For brands, Avener believes, it was about “dialling up your role in society.” But in doing so, authenticity was key; to really understand the consumer you were selling to and to recognise the role they had to play within society.

If you put creativity front and centre, then it means that you can solve problems and it means that you can adapt and change when you need to.

Carly Avener

Putting creativity front and centre

The other shift for brands was the speed at which the pandemic impacted the country; “This crisis felt like it came out of nowhere,” Avener says. But, she says, “the brands and businesses who were most agile and able to adapt are the ones that have done best.”

For the agency, that meant realigning what craft meant to production, as content was created without being able to shoot anything. A Skoda ad scheduled to be shot in Italy was recreated in CGI while Avener reveals that the lockdown has meant a heightened reliance on specialist partners. But, she believes, creativity has prevailed.

“If you put creativity front and centre then it means that you can solve problems and it means that you can adapt and change when you need to,” she explains. “Because ultimately that’s what creativity is; it’s finding interesting solutions to problems.” Avener wants to see “a recommitment to creativity,” that will hopefully be the future. In a way, she says, “that is a return to what agencies have always supposed to be about.”

More good days at work

One of the more successful workshops run by the agency during lockdown was called More Good Days at Work. It brought together different departments and then the agency as a whole to reveal and brainstorm around what was causing people stress under lockdown both personal and professional. The agency pulled together a series of themes that people were really struggling with and spent a few hours as an agency, “coming up with different ways to mitigate some of those stresses,” she explains.
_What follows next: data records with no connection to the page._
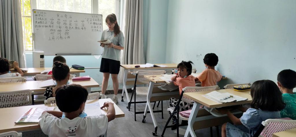 课程伊始,刘梦滢列出课文中的重难点生字,带领学生朗读、组词、造句,以增强他们对文本字词的记忆。随后,刘梦滢带领学生齐读课文,加深他们对整体内容的印象与理解。她还用“开火车”的游戏方式,让学生接力朗读课文,便于更好地了解学生对生字生词的掌握情况,并及时进行针对性指导。课程最后,孩子们的普通话发音、声调、语气及词句的连贯性都有了很大的进步。
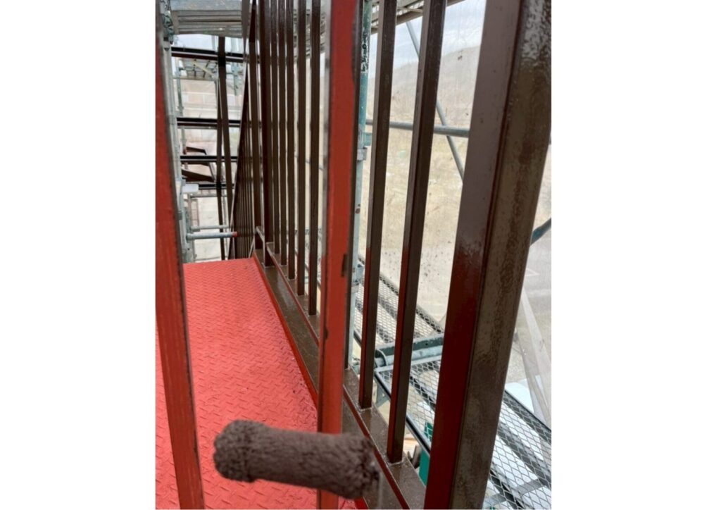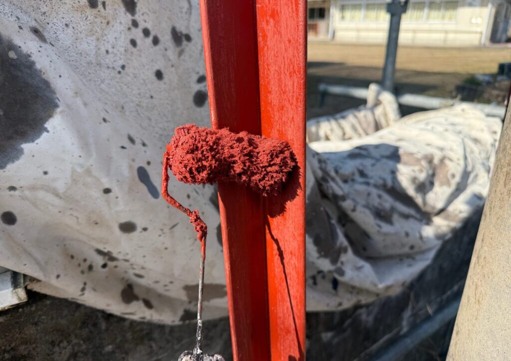 錆止め塗料をしっかりと塗布した後、その上から仕上げ用の塗料を重ねていきます。
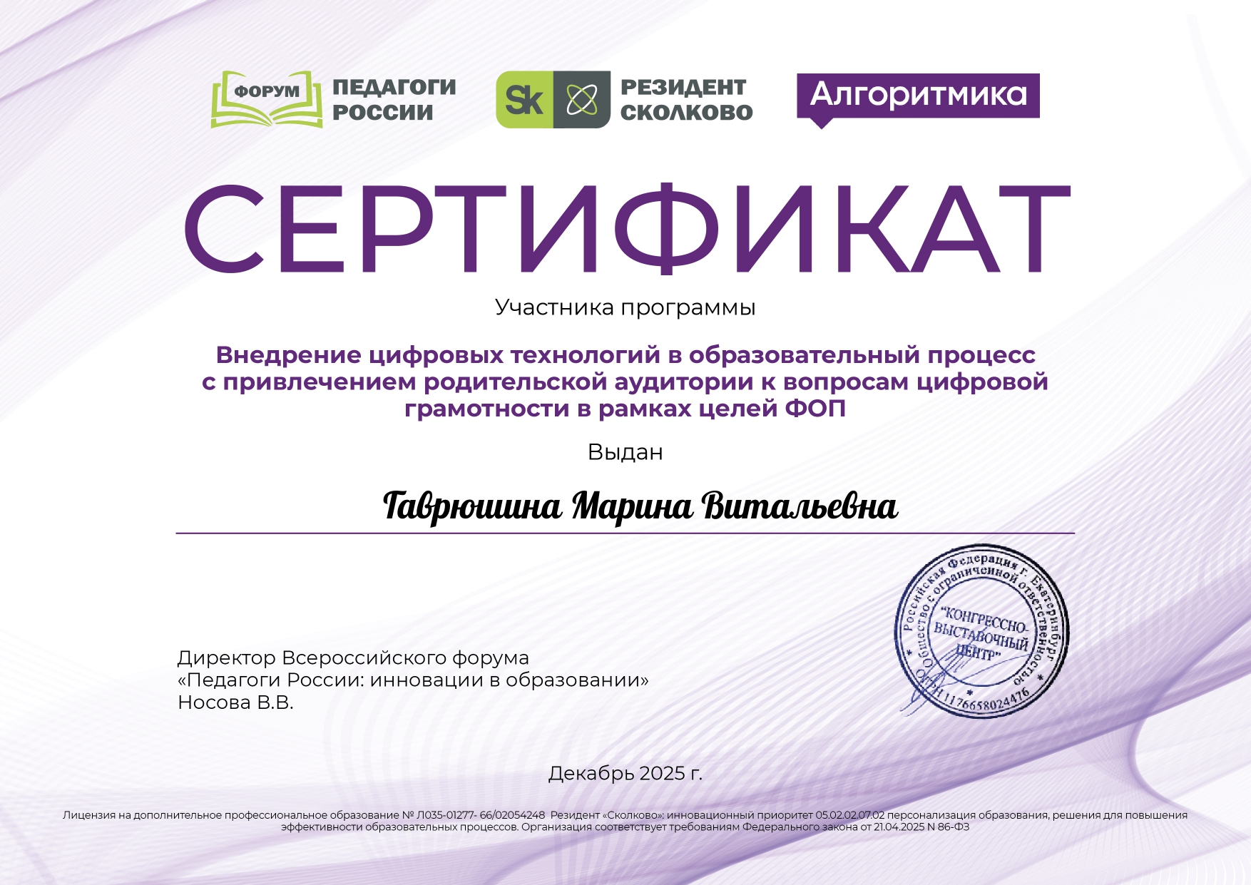 Сертификат участника программы "Внедрение цифровых технологий в образовательный процесс с привлечением родительской аудитории к вопросам цифровой грамотности в рамках целей ФОП"
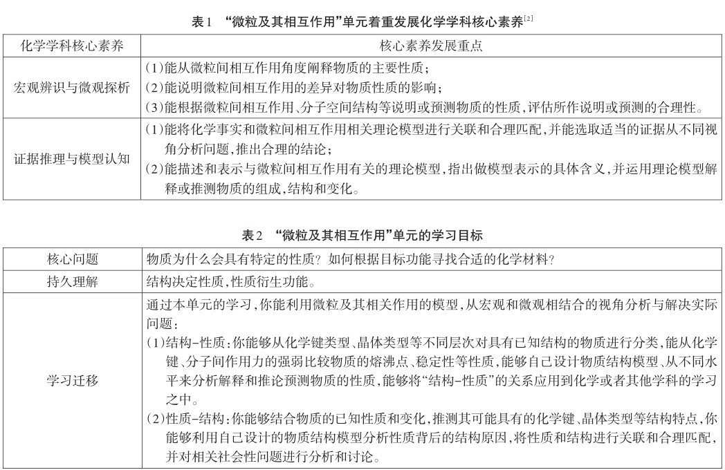 关键词:核心素养;单元学习;物质结构;微粒及其相互作用

“It’s really brought to the fore how important looking after your people is. Pre-lockdown, people turned up for work and you didn’t think twice about where they’d come from, how they’d got there, what was going on at home,” explains Avener. But now that we’ve peered inside people’s homes, met their children and their pets, all of a sudden, the life that exists outside of work is thrown together with work. It has, she believes, made her realise how important it is as a leadership team to recognise this.

“People have got lives going on around work and, just taking the time and the care to make sure that people are happy and healthy in all aspects of their life,” she says, is how “you get more out of people.”

She has introduced an agency wide Walk and Talk scheme that encourages people to step away from their desks for one on one phone calls, to simply change the environment. She reveals that this has been a blessing for her as she’s struggled with feelings of cabin fever throughout lockdown.

“In a way we’ve all opened up to each other. We’ve shown our vulnerabilities,” she says. It’s a way of working that she hopes will continue moving forwards. “When people feel like they belong somewhere and they feel they can bring their whole selves to work, that’s when the culture becomes really rich and strong.”

It’s a lesson in holding onto and developing a company culture that supports each of its members in turn. That champions the life lived outside of work whilst encouraging people to find a structure that works for them when they are there. It’s an attitude that only looks set to continue for Avener post-lockdown as the industry slowly returns to some semblance of pre-pandemic normality.